Aber alle moderne Psychologie reicht nicht hin, das Fanal der Opferung der Tochter zu erfassen, die der Feldherr Agamemnon den Göttern als Gegengeschäft für günstige Fahrtwinde dargebracht hat. Tóibín behilft sich durch Drastik der Gewaltszenen. Verstörend grausam erscheinen die Tötungen und Folterungen. Die Sprache watet in Blut, malt die Gräuel in schillernden Sprachfarben ins Gedächtnis des Lesers - der sich eingestehen muss, dass derlei Bilder uns mittlerweile wieder schrecklich nahegerückt sind.

Geheime Augenzeugin bei Klytaimnestras Mord an Agamemnon wurde beider Tochter Elektra. Sehnsüchtig erwartet sie die Rückkehr ihres Bruders Orestes, der - ungleich zu Aischylos’ Drama - gefangen und ins abgelegene Phokis verschleppt wurde.

Was dort mit dem jungen Königssohn geschieht, überlässt Tóibín ganz seiner dichterischen Phantasie. Ließ er vorher die beiden Frauen das Geschehen aus ihrer Sicht schildern, greift er jetzt zum auktorialen Erzählerbericht. Dieser Perspektivenwechsel tut dem Roman allerdings nicht gut. Zuvor hatte der Erzähler den Leser wie von Furien getrieben durch die blutige Verwandtenfehde gehetzt - jetzt setzt bukolische Geruhsamkeit ein.

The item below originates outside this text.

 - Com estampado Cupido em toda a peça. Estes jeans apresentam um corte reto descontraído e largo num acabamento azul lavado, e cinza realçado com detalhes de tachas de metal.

Tóibín gesellt Orestes zwei gleichaltrige Freunde zu, Leandros und Mitros. Auf dem abgelegenen Gehöft einer alten Frau finden sie Zuflucht, und gemeinsam verleben sie die Zeit der Verbannung als unbeschwerte (auch homoerotisch aufflackernde) Adoleszenz. Viel erzählte Zeit verstreicht hier mit der Schilderung von juvenilem Geplänkel, "höherem Indianerspiel", wie Thomas Mann derlei genannt hat.

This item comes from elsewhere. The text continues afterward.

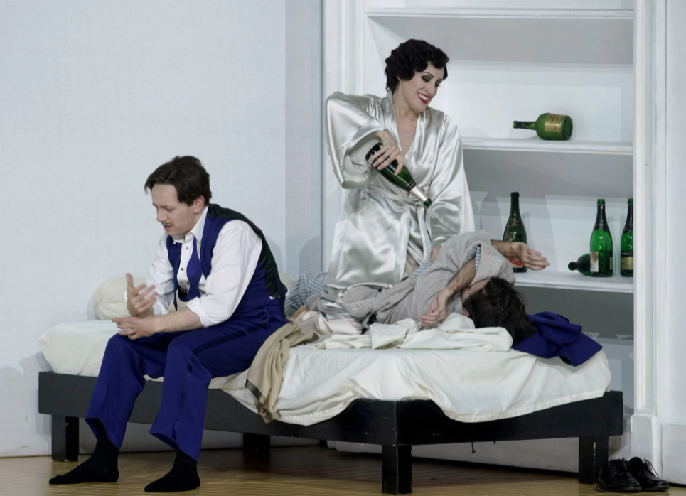 ¿Qué busca un espectador cuando asiste a una ópera barroca? Pienso que un espectáculo que le sea visualmente atractivo, que le ayude a entender los intrincados argumentos, una orquesta a ser posible en estilo y, sobre todo, voces que hagan justicia a las enormes dificultades. Lo logra en parte la actual propuesta del Teatro Real. Alden recurre a una dramaturgia paralela en la que la acción tiene poco que ver con la del libreto original, transportándose al París de los años 20 e inspirándose en la figura de la editora Nancy Cunard tras desechar a Teacher y otras figuras más populares. Podrían llenarse páginas discutiendo filosóficamente coincidencias entre Partenope y Cunard y cómo Alden las resalta e incluye miles de detalles adicionales como los guiños a las fotografías de Man Ray y otros muchos que son imposibles de reconocer por el gran público. Trabajo inútil para el espectador medio, que sólo serviría para mi pompa personal. El caso es que Alden crea un espectáculo atrayente, lleno de ingenio hasta en el mal gusto de colocar un retrete en la escena, lejano a la idea original, muy difícil de entender y que exige que los cantantes sean auténticos actores, llegando a la acrobacia mientras cantan. Sucede como con el estrafalario “Don Carlo” de Konwitschny, que el profundo trabajo resulta admirable y atrae por encima de las críticas que puede suscitar.

Doch das "Haus der Namen" ist nur ein Zuhause auf Zeit. Mit der Rückkehr von Orestes nach Argos erweitert sich die Palastintrige zum Guerillakrieg. Auch Leandros hält mit einer Truppe von Rebellen Einzug, um den Umsturz herbeizuführen. Elektra mischt sich ein, bestärkt den Bruder, den Muttermord zu vollziehen. Lauter verkeilte Verhältnisse.

Träger Erzählfluss

Warum wirkt diese Nacherzählung einer grundlegenden weltliterarischen Geschichte dennoch so wenig mitreißend? Zum einen wohl, weil sich eine Gleichförmigkeit des Handlungsflusses einstellt; und auch, weil Tóibíns Diktion ziemlich spröde und steril fortschreitet. In der Orestes-Geschichte wird über weite Strecken einfach linear drauflos erzählt. Es fehlt der doppelte Boden.

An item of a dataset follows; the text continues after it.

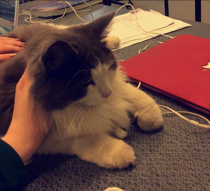Muffin er utrolig sosial og kosete, hun løper gjerne etter deg om hun ikke får oppmerksomhet. Hun er chippet, men selv har jeg ikke vært i kontakt med eierene.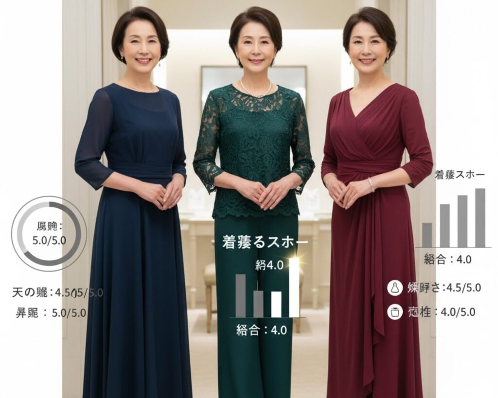 私たちは、標準的な60代ぽっちゃり体型(例:身長155cm、体重70kg )での着用シミュレーションに基づき、提案するドレスやセットアップのデザイン要素がもたらす「視覚的な細見え効果」を「専門家評価による着痩せスコア(5点満点)」として明記します 。

Doch um einen solch bekannten Stoff künstlerisch neu zu deuten, genügt es nicht, die Götter zu entfernen und ihn psychologisch modern unterfüttert nachzuerzählen. Es braucht eine neue Form, die alle Erwartungen aus den Angeln hebt. Die Wiederkehr von religiös unterlegten Ehrenmord- und Racheakten, von Hass als fundamentalistischem Flammenwerfer, wäre ein solch zeitgemäßes Deutungsmuster - es bleibt in Tóibíns Roman aber völlig ausgespart. Seine elaborierte Arbeit ist episch zu fugendicht, zu risikolos gefertigt, um durch den unerhörten Exzess dieser barbarischen Familiengeschichte aufzurütteln.